The reciprocity of MTL connectivity implies overlapping activity profiles between perception and retrieval in content-sensitive pathways, and is thought to underlie cortical reinstatement (Eichenbaum et al., 2007; Danker and Anderson, 2010). Indeed, there is evidence that neural activity that was present during the original encoding of a memory is reinstated during retrieval, as demonstrated using univariate analyses of encoding-retrieval overlap (Nyberg et al., 2000; Wheeler et al., 2000; Kahn et al., 2004), correlative encoding-retrieval similarity (ERS) measures (Staresina et al., 2012; Ritchey et al., 2013), and multivariate decoding approaches (Polyn et al., 2005; Johnson et al., 2009; Mack and Preston, 2016; Liang and Preston, 2017). Moreover, cortical reinstatement scales with the reported fidelity of recall (Kuhl et al., 2011; Kuhl and Chun, 2014). Content-sensitive retrieval representations in higher-order visual cortex/MTL, as investigated here, may differ from frontoparietal representations in that they may be closer to the perceptual trace (Favila et al., 2018). The precise topographical mapping of content-sensitivity at perception to cortical reinstatement at retrieval, however, is unclear. If cortical reinstatement reflects a restoration of a distinct neural state during the original encoding experience, then successful recall of content should predominantly draw on neural populations that distinguished the content from others during perception. That is, the more content-tuned neural populations are during perception, the more diagnostic they should be of successful recall of their preferred content.
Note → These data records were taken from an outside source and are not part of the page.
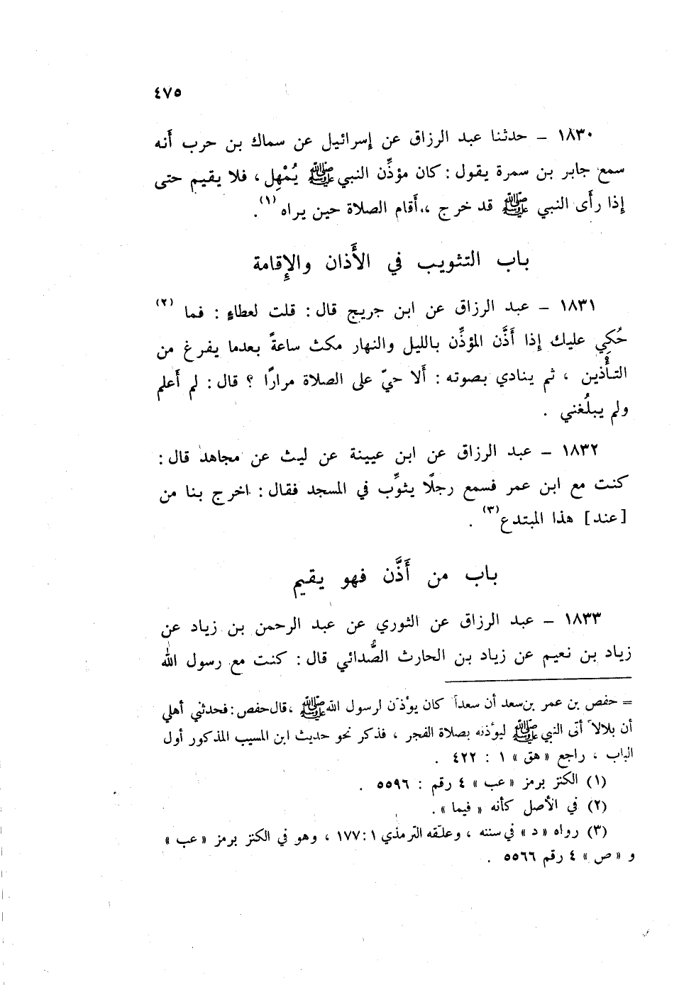 1833 - عَبْدُ الرَّزَّاقِ، عَنِ الثَّوْرِيِّ، عَنْ عَبْدِ الرَّحْمَنِ بْنِ زِيَادٍ، عَنْ زِيَادِ بْنِ نُعَيْمٍ، عَنْ زِيَادِ بْنِ الْحَارِثِ الصُّدَائِيِّ قَالَ: كُنْتُ مَعَ رَسُولِ اللَّهِ فَأَمَرَنِي، فَأَذَّنْتُ الْفَجْرَ فَجَاءَ بِلَالٌ، فَقَالَ النَّبِيُّ صَلَّى اللهُ عَلَيْهِ وَسَلَّمَ: «يَا بِلَالُ، إِنَّ أَخَا صُدَاءَ قَدْ أَذَّنَ، §وَمَنْ أَذَّنَ فَهُوَ يُقِيمُ»
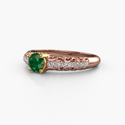 This 14 Carat rose gold ring is called Mellie and is set with 5 mm emerald. What is it that makes your relationship unique? What is it about her that makes you want to bend down on one knee? The unique bond between the two of you is emphasized by an equally unique ring. A one of a kind filigree pavé solitaire engagement ring made especially for her. That is why this vintage ring fits her like a glove. Each specific detail of this filigree rose gold emerald set engagement ring is hand-picked, crafted and polished by our expert goldsmith. The result is an exquisite ring, unique and perfectly crafted to perfection. That is what our expert Goldsmiths strive for. This jewel is made by a team of passionate goldsmiths and jewel designers. This will make your crown jewel truly eye-catching.Are you on a budget? Please feel free to contact us, so we can go discuss your options. We offer our engagement rings at guaranteed best price, because we make them to order. You won't find such a price anywhere else!Have you found a specific engagement ring somewhere which you would like to give to your loved one? Please feel free to express your wishes to our jewel designers because we would be honoured to turn your design into a vintage engagement ring. You can follow the development of your ring design because we use 3D drawings. This gives you a realistic preview of how your design will look. You can also preorder a dummy. A dummy is a plastic ring, which can be shaped according your ring design. You can try it on and check if its width and size are suitable for you. We will gladly send you a non-binding offer, based on a fair price/ quality ratio. It will amaze you, considering the quality of the ring and gemstones.To make it easier for you, we offer a 30 day return policy. Check our terms and conditions.
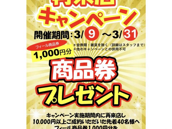 🎉 再来店キャンペーン開催中! 🎉
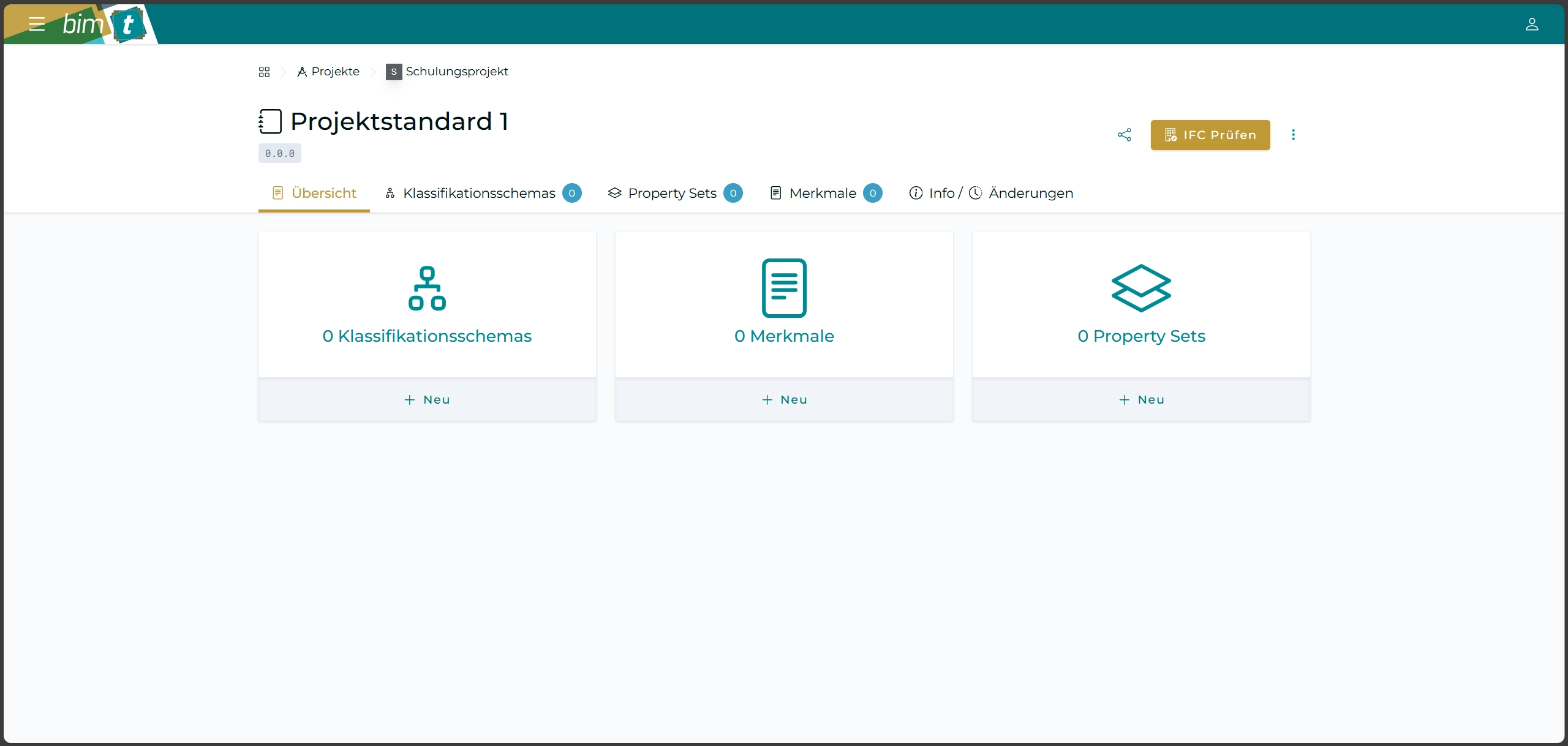 Nach der Erstellung wird die Detailansicht des Standards gezeigt. Hier können sie nun die Inhalte des Standards bearbeiten. Es gibt die Möglichkeit, Merkmale, Property Sets und Klassifikationsschema zu erstellen. Wenn sie die Konfiguration ihres Standards abgeschlossen haben können sie IFC-Modelle validieren oder übersetzen.
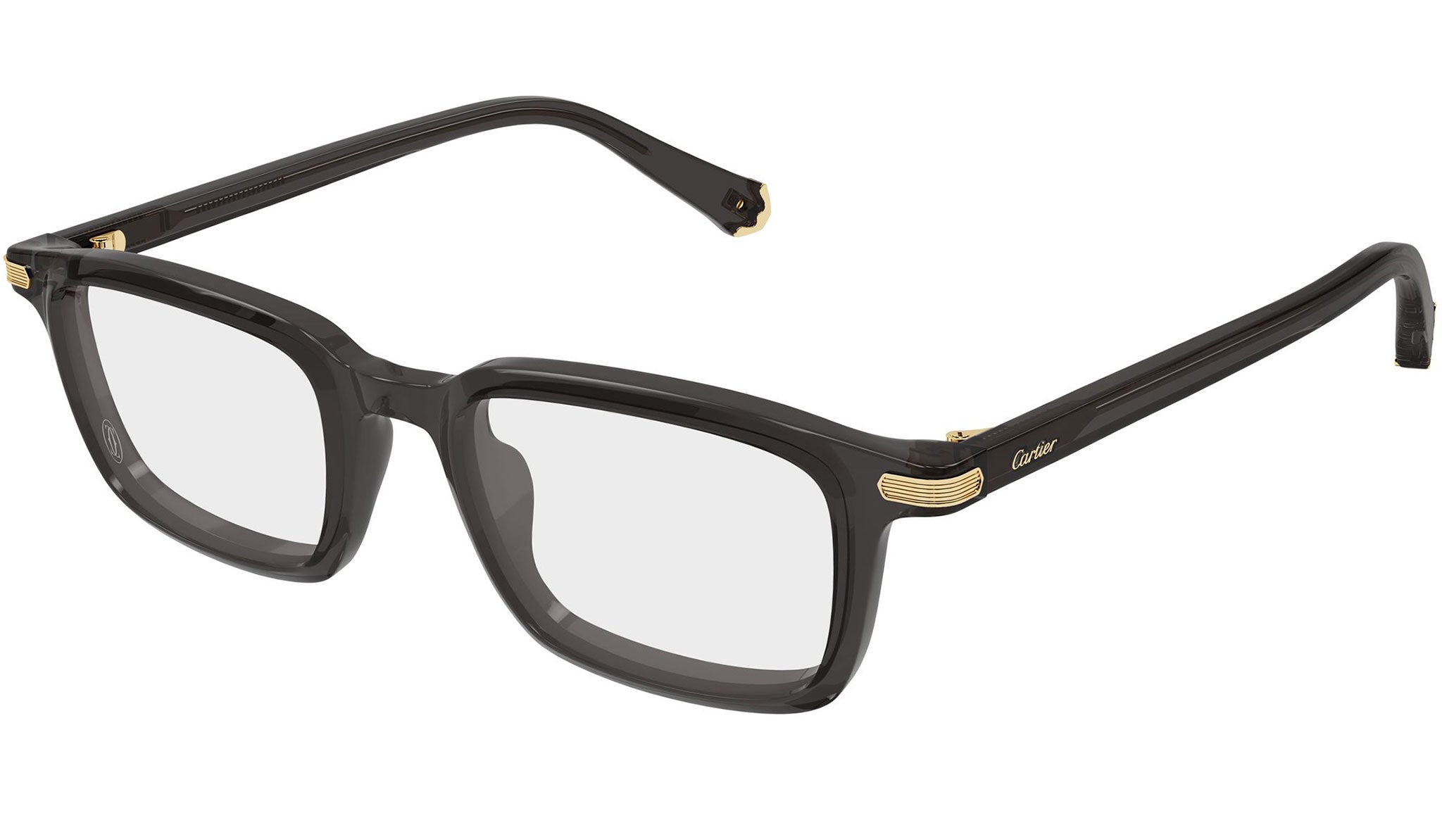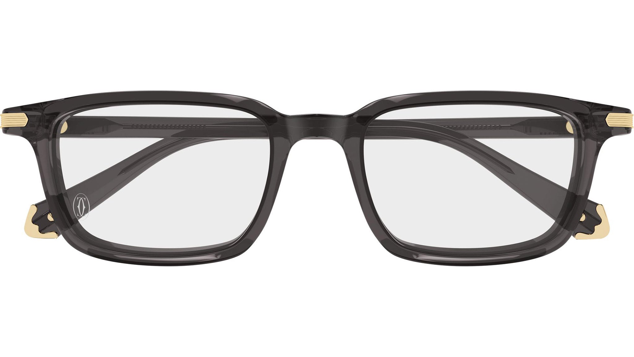 Occhiali da vista Cartier CT0586O uomo con montatura rettangolare in acetato riciclato grigio scuro trasparente e lenti demo. Linea: Contemporary. Codice modello: CT0586O. Codice colore calibro 53: 008. Calibro 56: 001. Made in Italy. Rivenditore autorizzato Cartier online. Gli occhiali vengono consegnati con custodia e accessori originali e sono coperti dalla garanzia ufficiale di 12 mesi del produttore.
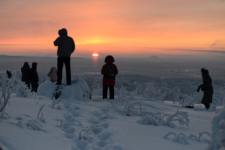 - Malgré le froid extrême, les habitants de Mourmansk se rassemblent chaque année en janvier sur le point le plus élevé de la ville pour rencontrer les premiers rayons du soleil.
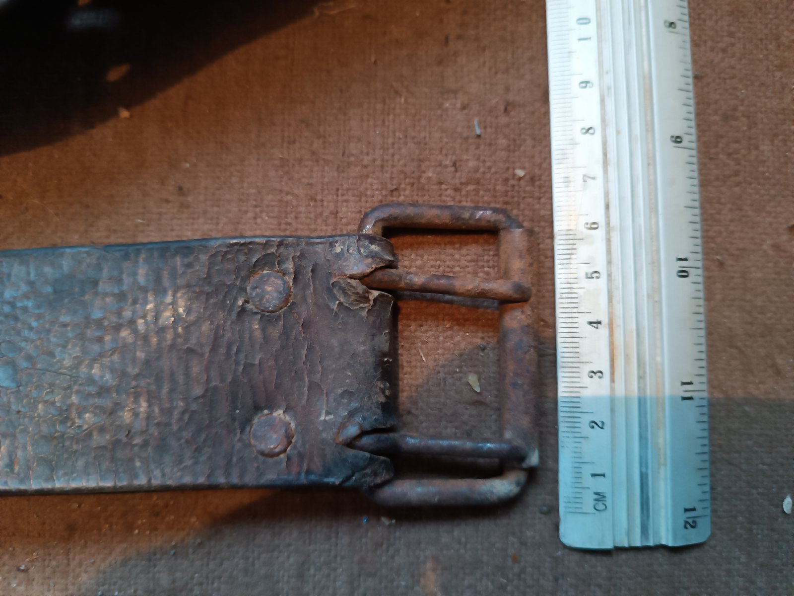 Пряжка не от солдатского ремня РККА. Думаю стоит начать поиск с идентификации самой пряжки - такие стальные двушпеньковые по-моему не во многих армиях использовались.
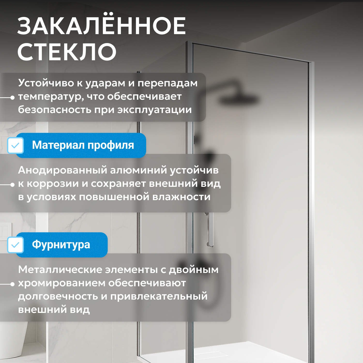 Размеры уголка: ширина 75 см, длина 80 см, высота 195 см. Вход 695 мм обеспечивает свободное перемещение, металлическая ручка повышает надёжность. Вес 50 кг способствует устойчивости конструкции. Поддон приобретается отдельно, что позволяет подобрать оптимальную комплектацию для санузла.
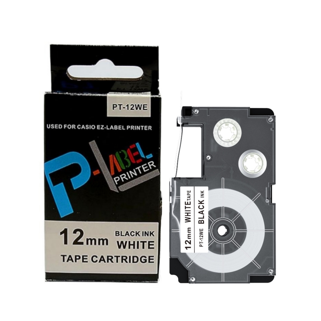 Cinta Casio XR-12WE, PT-12WE (12mmx8m), Compatible. Resistente al agua, resistente a los productos químicos, resistente a altas y bajas temperaturas, resistente a la abrasión, resistente a la grasa y resistente a la decoloración. Perfecto para uso en interiores y exteriores.

Here, we investigated content-sensitivity of MTL subregions during episodic memory recall, and how it maps to content tuning during perception. To this end, we had participants undergo functional MRI (fMRI) while they encoded and retrieved adjectives paired with an object or scene image. During retrieval, they only saw the adjective cue and tried to recall the associated object or scene. If HC contributes to recall in a content-independent fashion (as predicted by MTL connectivity), we would expect similar involvement during cued recall of both objects and scenes. Conversely, since MTL anatomy predicts content-sensitivity in PRC and PHC, we expect a preference for object recall in PRC and for scene recall in PHC. Critically, within PRC, we expect a positive correlation such that voxels exhibiting stronger object tuning during perception should be recruited more strongly for successful object recall. In contrast within PHC, we expect a positive correlation such that voxels exhibiting stronger scene tuning during perception should be recruited more strongly for successful scene recall.
Materials and Methods
Participants
A total of 34 volunteers (all right-handed, native English speakers, normal or corrected-to-normal vision) participated in the fMRI experiment. Sixteen participants were excluded from data analysis. Of those, one was excluded due to excessive movement, and one due to non-compliance. Fourteen datasets suffered data loss due to scanner malfunction. The results of the remaining n = 18 participants (11 female; mean age 22.7 years, range 18–33 years) are reported here. We note that the final sample size is within range, albeit on the lower end, of recent fMRI studies investigating content specificity in MTL cortex (Liang and Preston, 2017, n = 15; Mack and Preston, 2016, n = 24; Reagh and Yassa, 2014, n = 18; Staresina et al., 2012, n = 20). All participants gave written informed consent in a manner approved by the local ethics committee and were paid for their participation.
Stimuli and procedure
Stimuli consisted of 60 images of objects and 60 images of scenes (Konkle et al., 2010a,b) as well as 120 English adjectives (Staresina et al., 2011). Additionally five objects, five scenes, and 10 adjectives were used for practice. Per stimulus subcategory (e.g., desk, garden, etc.), only one image was used. Adjective-image pairs were randomized for each participant.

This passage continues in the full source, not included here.